Note that yes, we had to write the code anyway, but it is now “encapsulated” in a fully self-contained form and can be called repeatably, without any copy-pasting.

In other words, if we imagine having these three vectors of numeric values:

vec1 <- runif(10)
vec2 <- runif(10)
vec3 <- runif(10)

We can now compute our summary statistics by calling our function my_summary():

my_summary(vec1)
$min
[1] -1.96

$quartile_1
   25% 
-1.065 

$median
[1] -0.345

$mean
[1] -0.384

$quartile_3
  75% 
0.135 

$max
[1] 1.81
my_summary(vec2)
$min
[1] -1.96

$quartile_1
   25% 
-1.065 

$median
[1] -0.345

$mean
[1] -0.384

$quartile_3
  75% 
0.135 

$max
[1] 1.81
my_summary(vec3)
$min
[1] -1.96

$quartile_1
   25% 
-1.065 

$median
[1] -0.345

$mean
[1] -0.384

$quartile_3
  75% 
0.135 

$max
[1] 1.81

And, surprise! This is what the incredibly useful built-in function summary() provided with every R installation does!

summary(vec1)
   Min. 1st Qu.  Median    Mean 3rd Qu.    Max. 
0.06962 0.23824 0.69048 0.57455 0.88080 0.93092 
summary(vec2)
   Min. 1st Qu.  Median    Mean 3rd Qu.    Max. 
0.09554 0.21031 0.26917 0.34678 0.47034 0.83012 
summary(vec3)
    Min.  1st Qu.   Median     Mean  3rd Qu.     Max. 
0.004007 0.187542 0.481866 0.437755 0.630130 0.894811

Part 8: Iteration and loops

Functions help us take pieces of code and generalize them to reduce the amount of code needed to do similar things, repeatedly, multiple times. You could think of iteration as generalizing those repetitions.

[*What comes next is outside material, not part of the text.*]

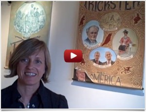 To reacquaint us with this malady, Pebworth is crossing the country, west to east, with her traveling exhibition entitled, “America: Beautiful Possibility”. This exhibit incorporates interactive and place-specific activities with her gorgeous, hand-painted posters that juxtapose curious, disturbing and alluring images with modern and historical characters to re-tell the American story. She has styled her trek and artwork after the 19th century “Traveling Show”, and has alchemized an assemblage of art, history, myth, and travelogue into a strikingly beautiful and thought provoking treatise on “what it means to be an American.” (Howard Zinn would’ve dug this show!)

This is very vague and abstract

Take home message

It’s worth acknowledging that developing code as proper functions, using iteration, and generally think about solving problems using “proper” program approaches like that is a lot of work. It might seem that “just copying a bit of code a couple of times” is easier. In the moment, it actually is.

Except we rarely, if ever, do things only once. We have to come back to old scripts, update them, or add new steps. Doing this for every single bit of copy pasted code (sometimes in multiple scripts) is awful, and almost always results in bugs. Even missing one edit in one copy of a piece of code will make our results wrong.

It’s always worth investing a bit extra time into extracting repeated pieces of code into individual functions. It will always result in less work in the long run.